DATA PROVIDED.
- - - - -
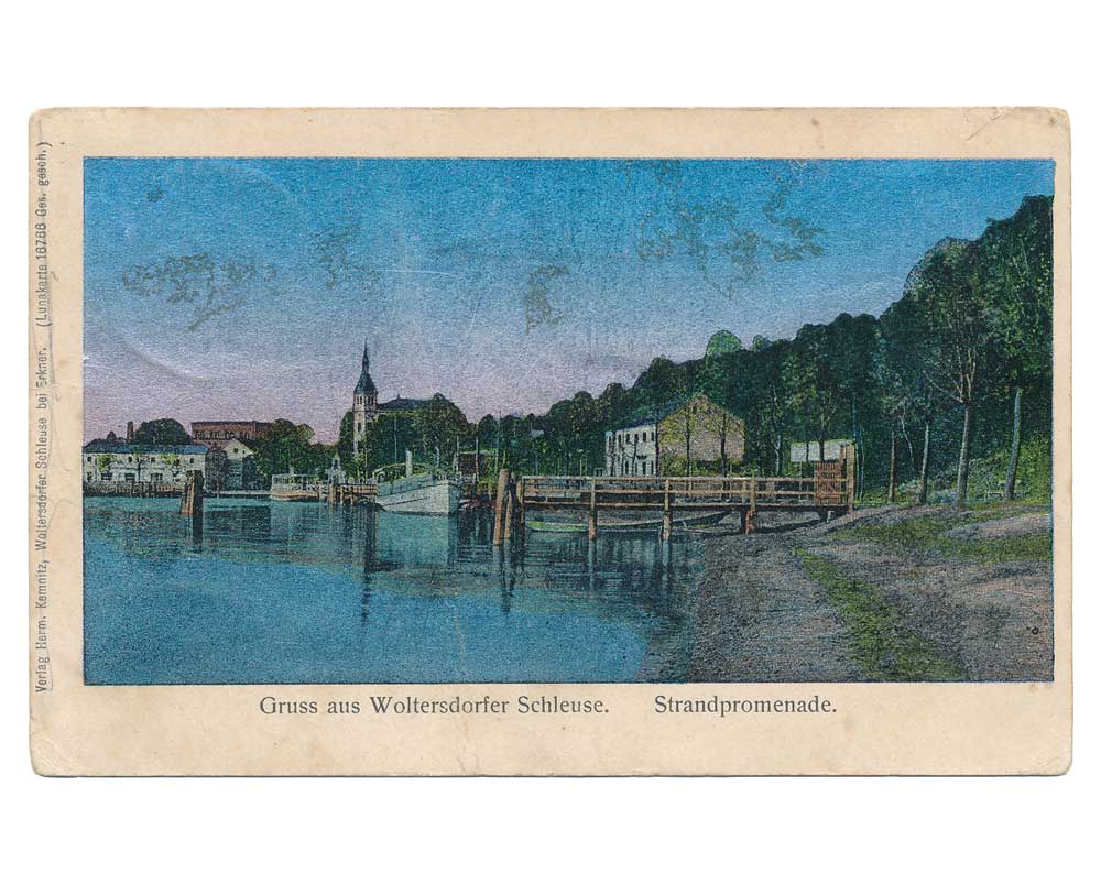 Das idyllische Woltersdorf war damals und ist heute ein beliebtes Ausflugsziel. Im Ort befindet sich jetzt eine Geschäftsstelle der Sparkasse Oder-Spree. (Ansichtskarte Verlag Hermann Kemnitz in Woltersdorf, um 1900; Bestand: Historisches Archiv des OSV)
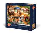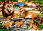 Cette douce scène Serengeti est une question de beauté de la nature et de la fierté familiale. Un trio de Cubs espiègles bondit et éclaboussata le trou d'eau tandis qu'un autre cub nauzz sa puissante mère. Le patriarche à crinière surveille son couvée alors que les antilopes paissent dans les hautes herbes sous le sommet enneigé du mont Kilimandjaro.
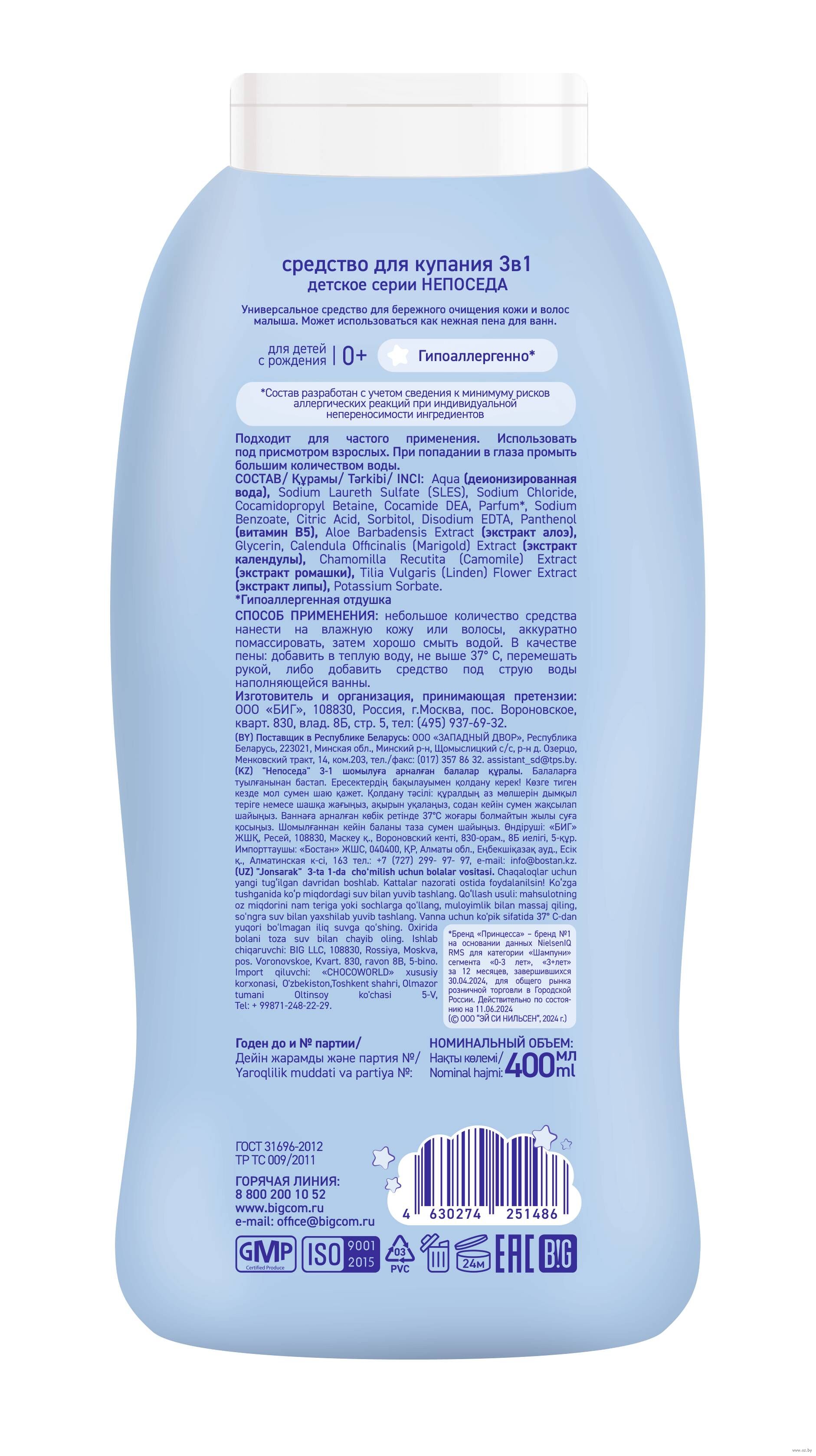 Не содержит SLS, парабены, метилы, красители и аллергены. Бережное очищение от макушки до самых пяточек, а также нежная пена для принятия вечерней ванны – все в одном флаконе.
- - - - -
Each line from the one containing "Cette douce scène" through the final line of the data must be reproduced exactly, both ends included, with no pictures in the copy.

 Cette douce scène Serengeti est une question de beauté de la nature et de la fierté familiale. Un trio de Cubs espiègles bondit et éclaboussata le trou d'eau tandis qu'un autre cub nauzz sa puissante mère. Le patriarche à crinière surveille son couvée alors que les antilopes paissent dans les hautes herbes sous le sommet enneigé du mont Kilimandjaro.
 Не содержит SLS, парабены, метилы, красители и аллергены. Бережное очищение от макушки до самых пяточек, а также нежная пена для принятия вечерней ванны – все в одном флаконе.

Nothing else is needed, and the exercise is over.